Couldn’t sleep, still full of mucus and coughing in the morning, so I slacked in sick to work for a few hours and tried sleeping. Then I had to do work, but it was okay. Ish.

Read (manga): A Bride’s Story vol 13 (Kaoru Mori): Smith and Talas and their guides make their way back toward Amir’s, but alas the foreigners are invading and their journey is cut short.

Read (short): “Kaiju Agonistes” (Scott Lynch): I don’t think I’ve seen quite this take on Godzilla before, or how it could accomplish its goal.

Read (novel): The Formidable Miss Cassidy (Meihan Boey): A stout Scottish governess takes up a position in Singapore in the late 19th century.

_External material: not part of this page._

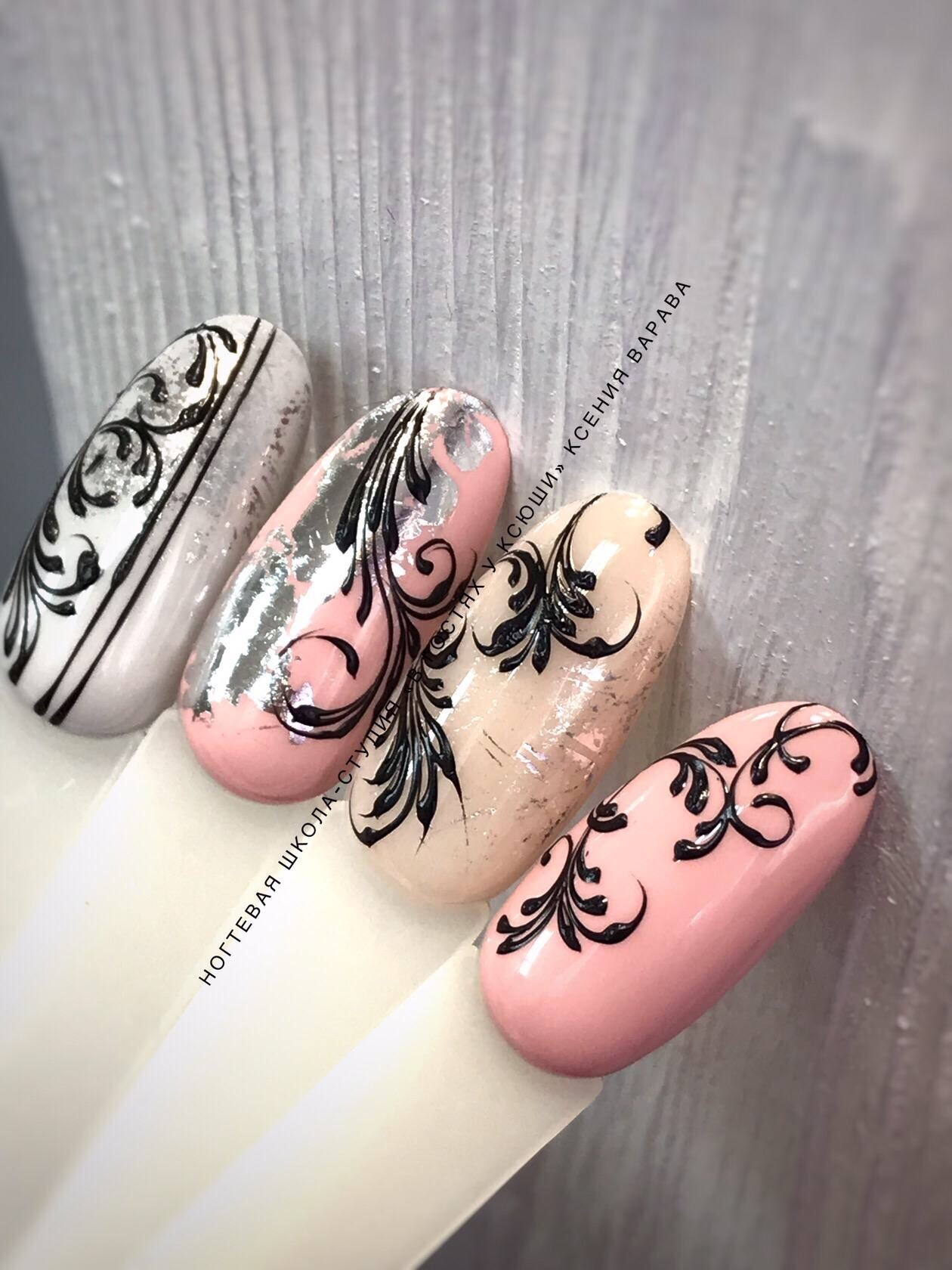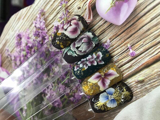 • На курсе выполняем градиенты (горизонтальный, вертикальный, диагональный), сетки, кружева, подручные материалы, трафареты, графика.

Supernatural revelations and conflicts ensue, along with a lot of family.

Written (new project): 185.

One can invent a bigger word than “supercalifragilisticexpialidocious”, but is it better?

Went to the office, coughed a lot, did some work, ate some Filipino fried chicken and assorted foods but didn’t enjoy them much (definitely a me problem), tried to learn some Kubernetes but didn’t do a very good job, coughed some more.

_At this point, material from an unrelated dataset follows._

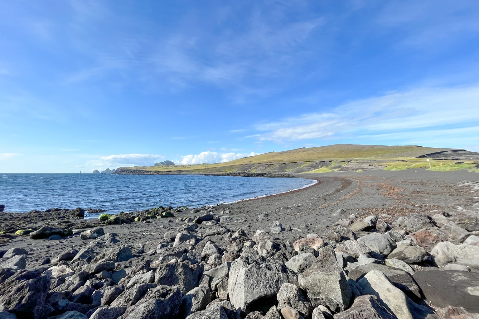 The main island, Heimaey, is the only inhabited island of the 15 islands. Currently, there are only around 4,000 residents, and most of the island is composed of rocky beaches and rolling green hills.

Read (manga): A Bride’s Story vol 12 (Kaoru Mori): Looks in on every group we’ve met so far, but mostly about Smith and Talas and party and their now photography-enabled journey, with a long stay in the house of the guy with two wives who adore each other.

Written (new project): 165.

Or I guess natural face-blindness is okay too.

Read (art book): Terry Moore After Dark… (Terry Moore): Pretty much what you’d think. Mostly sketches or pencil drawings, mostly Francine and Katchoo or other SIP characters, not very high on the raunch scale.

Read (novel): Second Helpings (Megan McCafferty): Senior year, protagonist actually gets together with her on-again-off-again soulmate. Ends in graduation, so could be a conclusion, but there are actually three more books in the series.

Written (new project): 258.

I got up to take work handover at the usual work time, fed some cats, and then went back to bed and didn’t wake up for like four hours. So on the one hand, I wasted almost the entire day, but on the other, sleep.

Read (manga): The Invisible Man & His Soon-to-Be Wife vol 6 (Iwatobineko): They are finally living together! Also other people are having lives and babies and stuff.

Watched (anime): Tawawa on Monday 1.1-3: You know how it’s possible to make anime about something other than jiggling? These guys neither. The episodes are only half-length, so it didn’t take as long as it seems to give up.

Watched (anime): Dorohedoro 1.1-3: Messed-up people in a messed-up world with other messed-up people and evil magic and copious murders. The aesthetic is post-apocalyptic, but it seems to be more interdimensional. Not that we have much in the way of backstory, except that magic builds up as the environmental pollutant it looks like, and also sorcerers are dicks.

Written (new project): 258.

Several of the audience survive every performance!

I slept in incompetently, but eventually went shopping and stuff.

Watched (anime): Witch Hat Atelier 1.3: And away Coco goes, to certain death in the trial she’s not at all qualified for.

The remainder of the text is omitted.